▶ **TASK INPUT**
--------

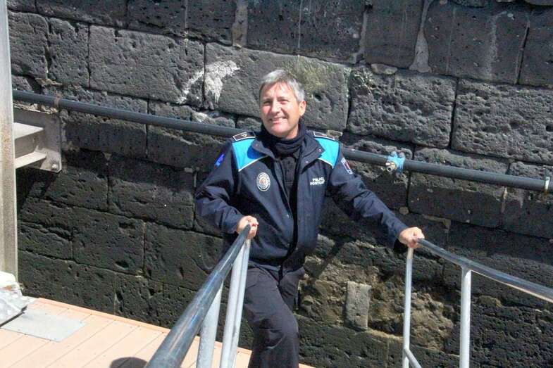 Visita magníficamente guiada en su información y excelente disposición personal por el agente de policía portuaria, D. Cecilio Hernández, que durante todo el periplo informó detalladamente, describiendo lo que ante nuestras miradas curiosas y ávidas de conocer el escenario de nuestra inmensa estación marítima atlántica del Puerto y su entorno, nombres de los diques, muelles, instalaciones, movimientos portuarios, operaciones de carga y descarga, compañías operativas de buques, plataformas de prospecciones petrolíferas, astilleros, talleres, diques secos, dársenas, sección militar naval y buques BAM, remolcadores, vigilancia, línea urbana de la ciudad, el gran entorno portuario de La Isleta.
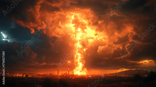 Massive bolt of lightning being absorbed by a high-tech facility surrounded by electric discharge fields
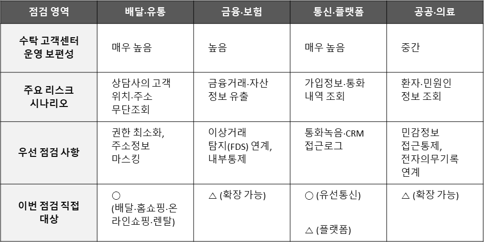 점검 대상은 고객센터 업무 수행 과정에서 고객의 주소 등 민감정보에 해당할 여지가 있는 위치·생활정보를 일상적으로 취급하는 5개 분야, 즉 ①배달, ②홈쇼핑, ③온라인쇼핑, ④렌탈, ⑤유선통신입니다. 이들 업종은 상담업무의 상당 부분을 외부 콜센터 업체에 위탁하는 구조가 일반적이며, 수탁사 직원이 실질적으로 고객정보에 접근하는 최전선 취급자라는 공통점이 있습니다.
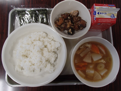 素晴らしい天気の1日でした。しかし、本校の特徴として、東側に校舎があるので、写真のように校庭は午前中、日陰になります。寒さに負けず体育に取り組んでいました。アリーナでは、3年生と5年生が中小ステージの練習をしていました。図書室の飾りがクリスマスバージョンになりました。いつも良い環境を整えていただきありがとうございます。6年生は家族が原爆の被害にあった講師の方から「戦争や原爆の怖さ」や「平和についての願い」について話していただきました。今日の給食は「ごはん・焼き海苔・のっぺい汁・ぶりのつけ揚げ・牛乳」です。
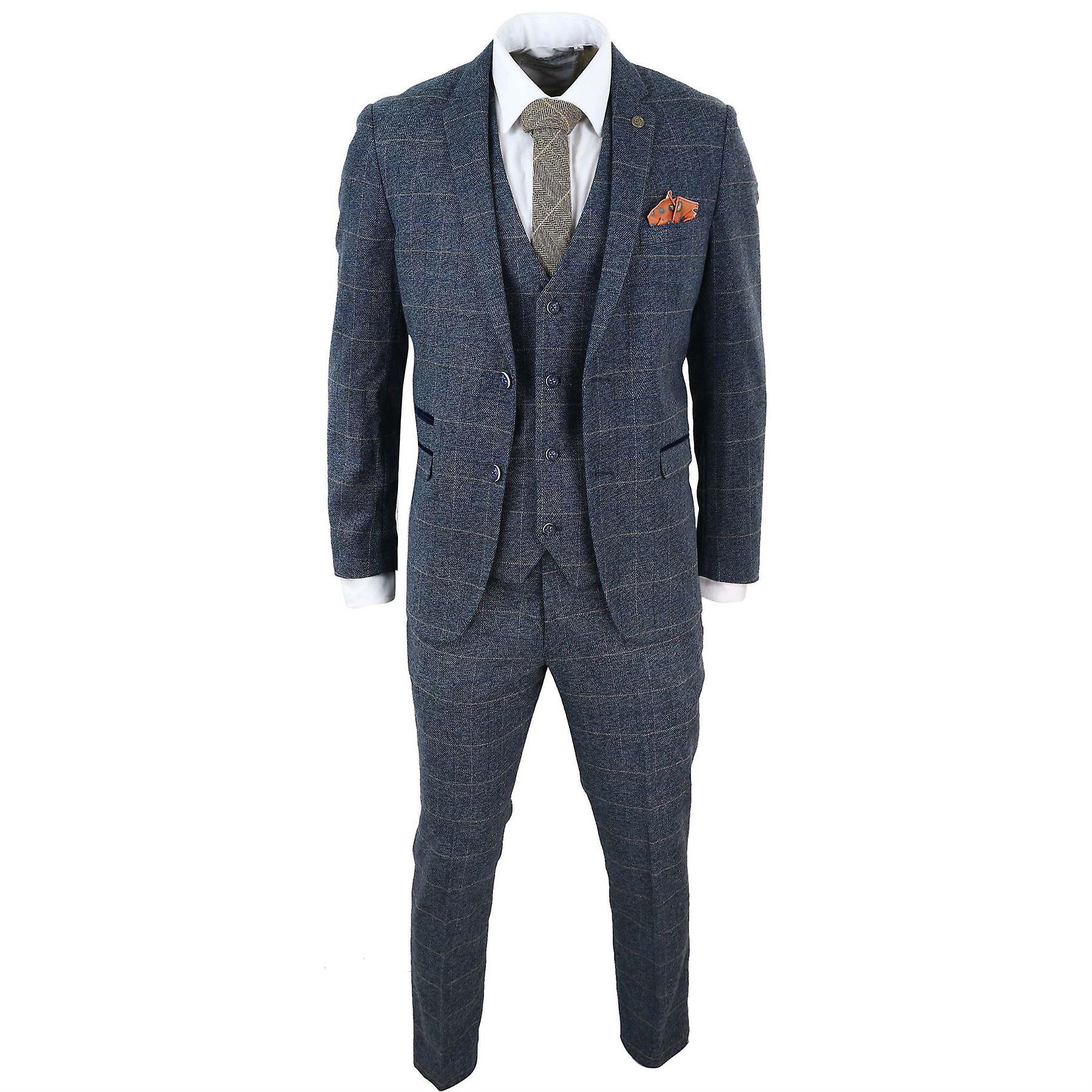 Men's Check 3 Piece Suit Herringbone Tweed Vintage Tailored Fit Velvet
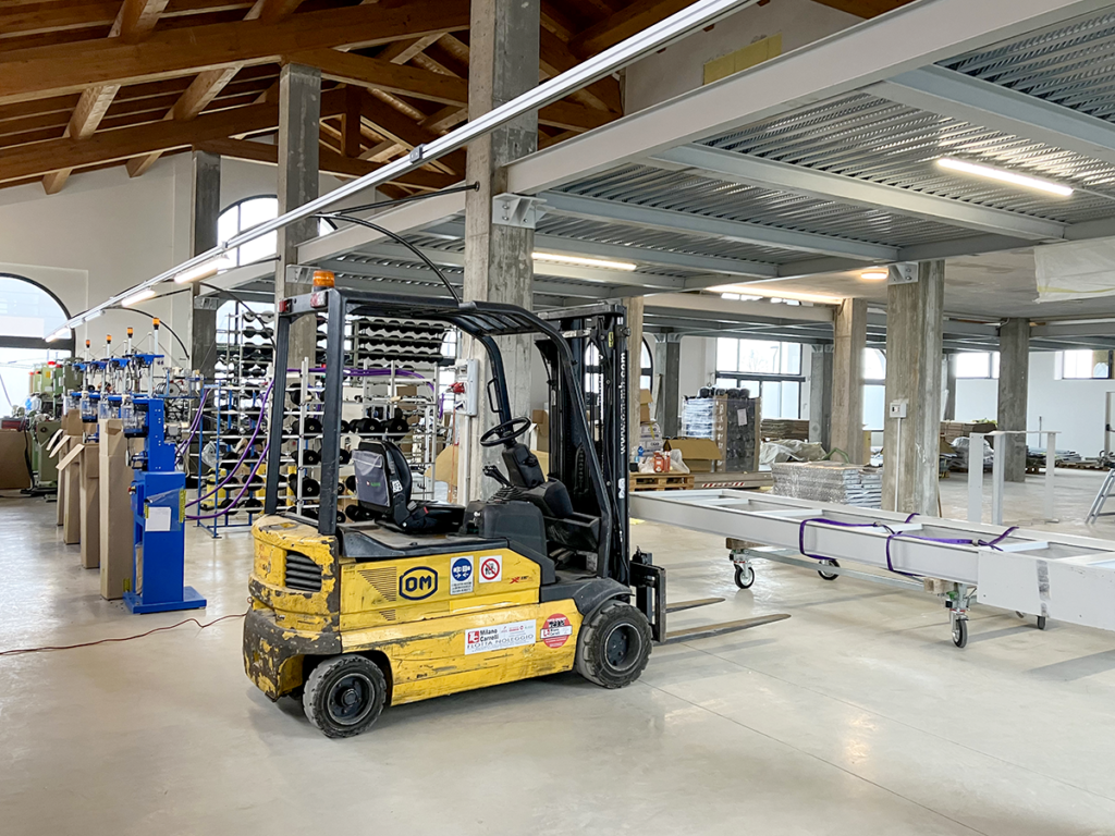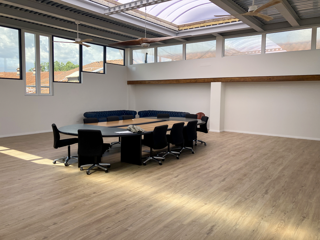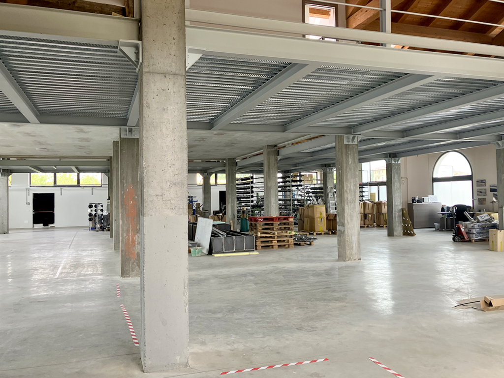 il soppalco è aperto e costruito nella zona centrale del salone con superficie di mq 200. La torre ha una superficie di mq. 100, sorge al centro del soppalco ed è chiusa sui 4 lati completamente vetrati, ha due ingressi, un lucernario a soffitto da mq 20 ed è dotata di aria condizionata.
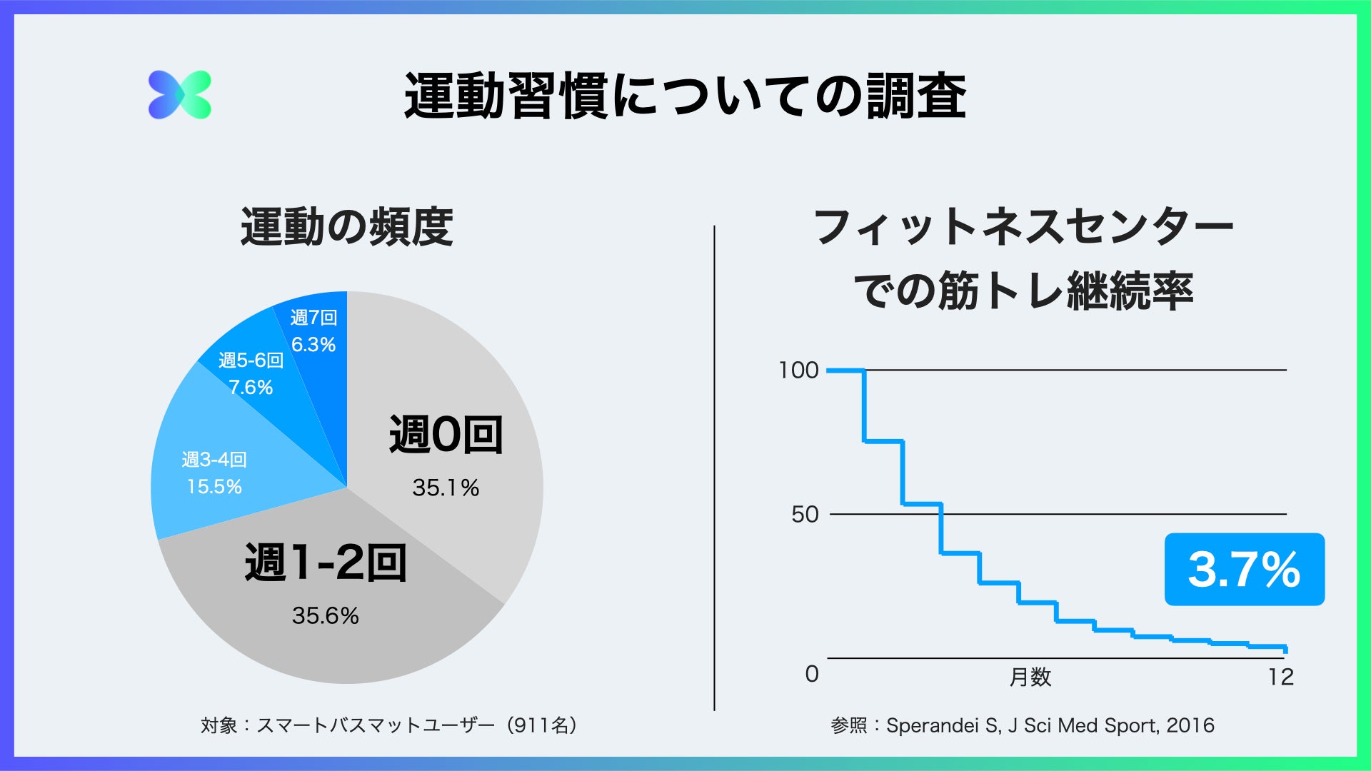 スマートバスマットの提供を通じて、あらゆるユーザーの体重管理に寄り添う中で、運動習慣に関する課題や要望が多く見受けられました。また、「スマートバスマット」ユーザー向けにアンケートを実施(有効回答数911人)し、運動実施頻度を聞いたところ、週0回が35.1%、週1〜2回が35.6%であり、約7割が運動の機会が少ない(*1)ことがわかりました。さらに、運動などの新たな習慣を始めても、1年間以上継続できた方の割合はわずか3.7%となっており(*2)、行動を始めること、継続し習慣化することは非常に難しいという実態が明らかになりました。
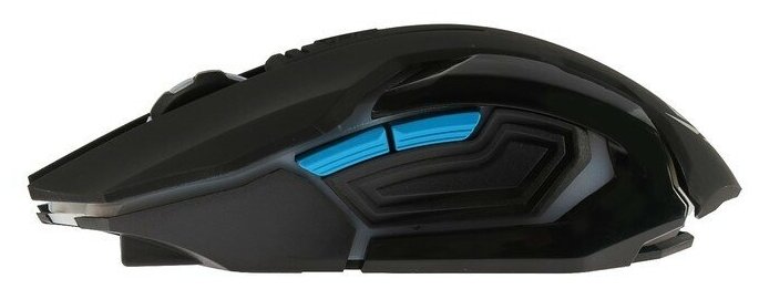Хорошая мышка за небольшие деньги. Сразу скажу, она большая (плюс это или минус, думайте сами). Дизайн агрессивный. Корпус эргономичный, сидит в руке хорошо, кнопки очень чувствительные. Присутствует клавиша DPI (разрешение 600/800/1200/1600). Помимо двух основных кнопок (больших левой и правой), мышка снабжена дополнительными кнопками. Зверек не на батарейках, что избавило меня от воровства оных из различных домашних гаджетов (пульты, детские игрушки), потому как заряд пропадает в самый неподходящий момент. Провод для подзарядки идет в комплекте, подзарядка около 30-и минут. Заряда хватает надолго, есть режим сна. Присутствующую подсветку (порядка 5-6 цветов) можно отключить.
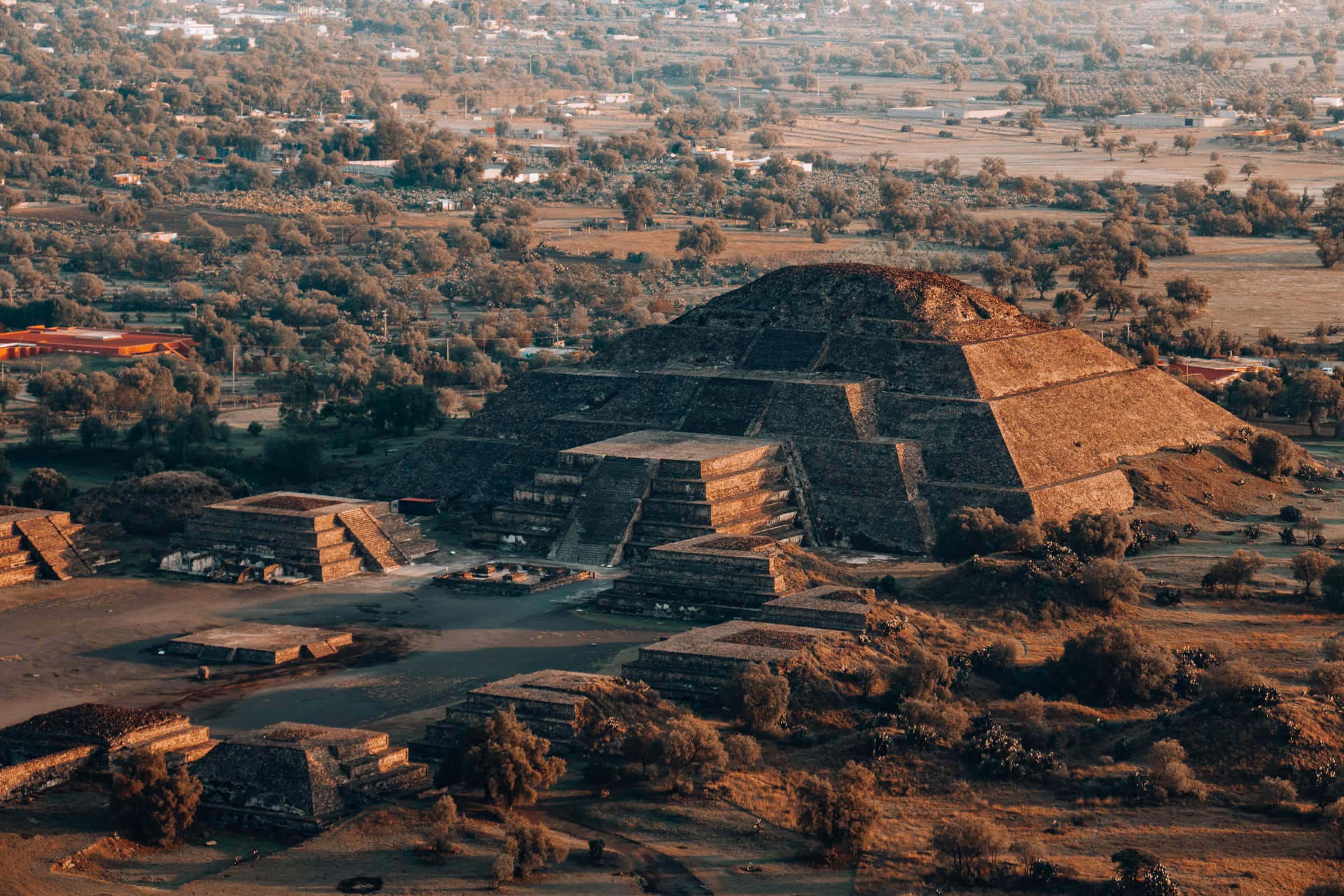 Das mit der Gottwerdung hat jetzt nicht wirklich geklappt - aber spirituell ist Teotihuacán irgendwie schon. Allein die Tatsache, dass Menschen vor Jahrhunderten riesige Pyramiden in diese Hochlandebene hineingesetzt haben. Einfach so, ohne dass sie einen anderen funktionalen Zweck wie z.B. die Beherbergung von Gräber oder Schätzen haben. Das macht Teotihuacán besonders. Denn von innen bestehen sowohl die Sonnen- als auch die Mondpyramide komplett aus Lehm! Und beide sind wirklich riesiger, als sie auf Bildern aussehen mögen! Oder von oben.
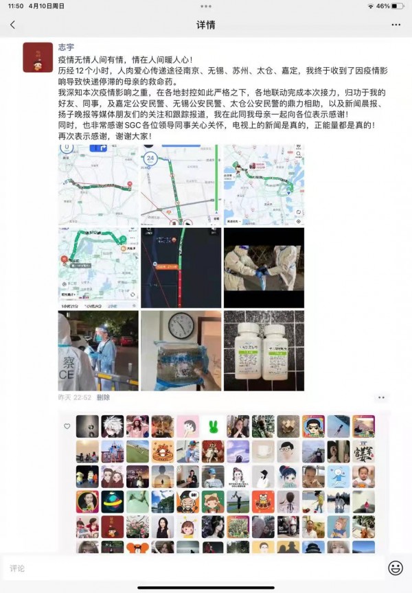 4月9日7時10分,陳先生發(fā)了一條朋友圈求助:“各位親朋好友,我現(xiàn)在急需南京的朋友人肉接力幫我媽緊急送個藥”“此藥巨貴且難買,如果大家誰有辦法完成接力,或部分路段的接力,請速與我聯(lián)系,非常感謝”。陳先生的求助引起大家的廣泛關注,朋友圈內(nèi)紛紛響應、并出謀劃策。
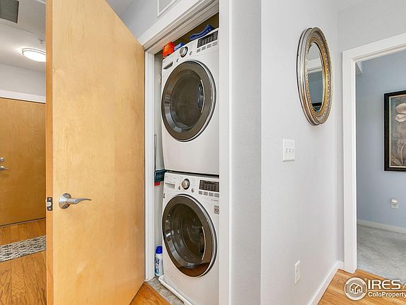 Lock-n-leave lifestyle in Old Town Fort Collins at an affordable price at this wonderful Penny Flats condo! The balcony of this home faces south so you'll enjoy plenty of natural light and sunshine while relaxing and enjoying the Old Town vibe and views of the city. So close to shopping and dining, the MAX transit bus for an easy ride to CSU and south Fort Collins, plus easy access to medical facilities and Highway 287 and I-25. Urban, contemporary loft with dark maple cabinetry, quartz counter tops and custom island, 10 ft ceiling adds to the feeling of space and airiness, engineered hardwood flooring, custom closet organizer in the primary suite and remodeled baths. Second bedroom/office is a great flex space you can set up however you'd like. It has a large closet for storage and is currently shown in the photos as a bedroom. Underground secure parking, 4' x 7' storage space, and lots of closet space within the home. Enjoy everything that Old Town Fort Collins can offer including Lee Martinez Park, local breweries, festivals and farmers markets, the Discovery Museum and numerous local eateries, entertainment venues and boutiques. Very affordable living - the HOA includes gas and water. Perfect option for both a full time home or a 2nd home in this great city.
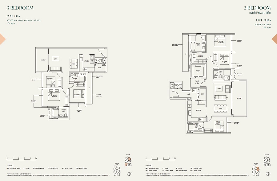 | 3 Bedroom + Private Lift | 142-146sqm / 1528-1572sqft | 68 |
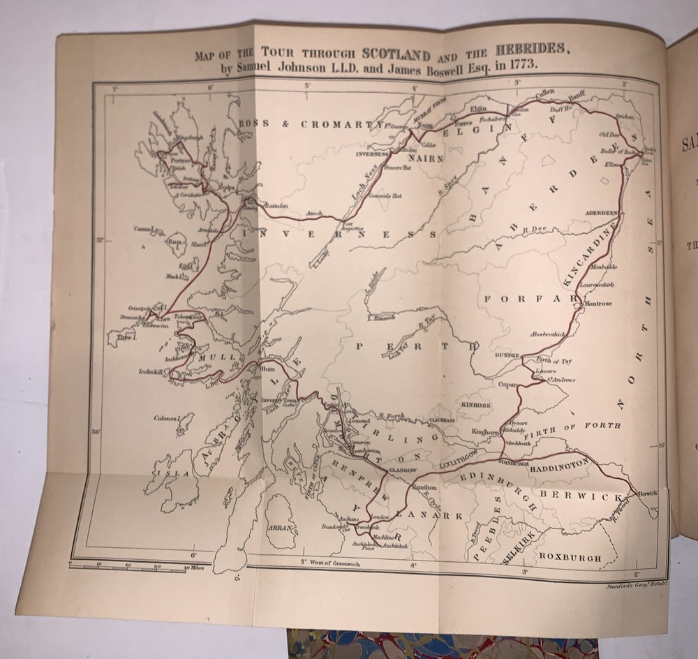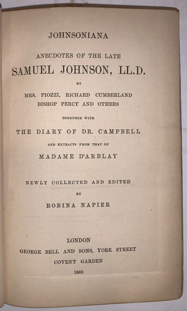 Johnsonia Anecdotes of the Late Samuel Johnson, LL.D. by Mrs. Piozzi, Richard Cumberland, Bishop Percy and Others Together with the Diary of Dr. Campbell and Extracts From That of Madame D'Arblay Newly Collected and Edited by Robina Napier London: George Bell and Sons 1889 12mo, xiii, 479 pages, bound in period three quarter leather over marbled boards. Fold out frontispiece map. Marbled endpapers, top edge gilt. Spine decorated in gilt. Lacks rear board, front board detached, moderate rubbing, damage to spine, scuffs, discoloration, else in good condition. If you have any questions feel free to ask and don't forget to check out my other listings. Johnsonia Anecdotes of the Late Samuel Johnson, Ll.D. By Mrs Piozzi, Richard Cumberland, Bishop Percy and Others Together With the Diary of Dr Campbell and Extracts From That of Madame D'Arblay

--------

▶ **WHAT THE TASK ASKS**
Restate the entire listing word for word, excluding pictures.

▶ **RESULT BELOW**
 Visita magníficamente guiada en su información y excelente disposición personal por el agente de policía portuaria, D. Cecilio Hernández, que durante todo el periplo informó detalladamente, describiendo lo que ante nuestras miradas curiosas y ávidas de conocer el escenario de nuestra inmensa estación marítima atlántica del Puerto y su entorno, nombres de los diques, muelles, instalaciones, movimientos portuarios, operaciones de carga y descarga, compañías operativas de buques, plataformas de prospecciones petrolíferas, astilleros, talleres, diques secos, dársenas, sección militar naval y buques BAM, remolcadores, vigilancia, línea urbana de la ciudad, el gran entorno portuario de La Isleta.
 Massive bolt of lightning being absorbed by a high-tech facility surrounded by electric discharge fields
 점검 대상은 고객센터 업무 수행 과정에서 고객의 주소 등 민감정보에 해당할 여지가 있는 위치·생활정보를 일상적으로 취급하는 5개 분야, 즉 ①배달, ②홈쇼핑, ③온라인쇼핑, ④렌탈, ⑤유선통신입니다. 이들 업종은 상담업무의 상당 부분을 외부 콜센터 업체에 위탁하는 구조가 일반적이며, 수탁사 직원이 실질적으로 고객정보에 접근하는 최전선 취급자라는 공통점이 있습니다.
 素晴らしい天気の1日でした。しかし、本校の特徴として、東側に校舎があるので、写真のように校庭は午前中、日陰になります。寒さに負けず体育に取り組んでいました。アリーナでは、3年生と5年生が中小ステージの練習をしていました。図書室の飾りがクリスマスバージョンになりました。いつも良い環境を整えていただきありがとうございます。6年生は家族が原爆の被害にあった講師の方から「戦争や原爆の怖さ」や「平和についての願い」について話していただきました。今日の給食は「ごはん・焼き海苔・のっぺい汁・ぶりのつけ揚げ・牛乳」です。
 Men's Check 3 Piece Suit Herringbone Tweed Vintage Tailored Fit Velvet
 il soppalco è aperto e costruito nella zona centrale del salone con superficie di mq 200. La torre ha una superficie di mq. 100, sorge al centro del soppalco ed è chiusa sui 4 lati completamente vetrati, ha due ingressi, un lucernario a soffitto da mq 20 ed è dotata di aria condizionata.
 スマートバスマットの提供を通じて、あらゆるユーザーの体重管理に寄り添う中で、運動習慣に関する課題や要望が多く見受けられました。また、「スマートバスマット」ユーザー向けにアンケートを実施(有効回答数911人)し、運動実施頻度を聞いたところ、週0回が35.1%、週1〜2回が35.6%であり、約7割が運動の機会が少ない(*1)ことがわかりました。さらに、運動などの新たな習慣を始めても、1年間以上継続できた方の割合はわずか3.7%となっており(*2)、行動を始めること、継続し習慣化することは非常に難しいという実態が明らかになりました。
Хорошая мышка за небольшие деньги. Сразу скажу, она большая (плюс это или минус, думайте сами). Дизайн агрессивный. Корпус эргономичный, сидит в руке хорошо, кнопки очень чувствительные. Присутствует клавиша DPI (разрешение 600/800/1200/1600). Помимо двух основных кнопок (больших левой и правой), мышка снабжена дополнительными кнопками. Зверек не на батарейках, что избавило меня от воровства оных из различных домашних гаджетов (пульты, детские игрушки), потому как заряд пропадает в самый неподходящий момент. Провод для подзарядки идет в комплекте, подзарядка около 30-и минут. Заряда хватает надолго, есть режим сна. Присутствующую подсветку (порядка 5-6 цветов) можно отключить.
 Das mit der Gottwerdung hat jetzt nicht wirklich geklappt - aber spirituell ist Teotihuacán irgendwie schon. Allein die Tatsache, dass Menschen vor Jahrhunderten riesige Pyramiden in diese Hochlandebene hineingesetzt haben. Einfach so, ohne dass sie einen anderen funktionalen Zweck wie z.B. die Beherbergung von Gräber oder Schätzen haben. Das macht Teotihuacán besonders. Denn von innen bestehen sowohl die Sonnen- als auch die Mondpyramide komplett aus Lehm! Und beide sind wirklich riesiger, als sie auf Bildern aussehen mögen! Oder von oben.
 4月9日7時10分,陳先生發(fā)了一條朋友圈求助:“各位親朋好友,我現(xiàn)在急需南京的朋友人肉接力幫我媽緊急送個藥”“此藥巨貴且難買,如果大家誰有辦法完成接力,或部分路段的接力,請速與我聯(lián)系,非常感謝”。陳先生的求助引起大家的廣泛關注,朋友圈內(nèi)紛紛響應、并出謀劃策。
 Lock-n-leave lifestyle in Old Town Fort Collins at an affordable price at this wonderful Penny Flats condo! The balcony of this home faces south so you'll enjoy plenty of natural light and sunshine while relaxing and enjoying the Old Town vibe and views of the city. So close to shopping and dining, the MAX transit bus for an easy ride to CSU and south Fort Collins, plus easy access to medical facilities and Highway 287 and I-25. Urban, contemporary loft with dark maple cabinetry, quartz counter tops and custom island, 10 ft ceiling adds to the feeling of space and airiness, engineered hardwood flooring, custom closet organizer in the primary suite and remodeled baths. Second bedroom/office is a great flex space you can set up however you'd like. It has a large closet for storage and is currently shown in the photos as a bedroom. Underground secure parking, 4' x 7' storage space, and lots of closet space within the home. Enjoy everything that Old Town Fort Collins can offer including Lee Martinez Park, local breweries, festivals and farmers markets, the Discovery Museum and numerous local eateries, entertainment venues and boutiques. Very affordable living - the HOA includes gas and water. Perfect option for both a full time home or a 2nd home in this great city.
 | 3 Bedroom + Private Lift | 142-146sqm / 1528-1572sqft | 68 |
 Johnsonia Anecdotes of the Late Samuel Johnson, LL.D. by Mrs. Piozzi, Richard Cumberland, Bishop Percy and Others Together with the Diary of Dr. Campbell and Extracts From That of Madame D'Arblay Newly Collected and Edited by Robina Napier London: George Bell and Sons 1889 12mo, xiii, 479 pages, bound in period three quarter leather over marbled boards. Fold out frontispiece map. Marbled endpapers, top edge gilt. Spine decorated in gilt. Lacks rear board, front board detached, moderate rubbing, damage to spine, scuffs, discoloration, else in good condition. If you have any questions feel free to ask and don't forget to check out my other listings. Johnsonia Anecdotes of the Late Samuel Johnson, Ll.D. By Mrs Piozzi, Richard Cumberland, Bishop Percy and Others Together With the Diary of Dr Campbell and Extracts From That of Madame D'Arblay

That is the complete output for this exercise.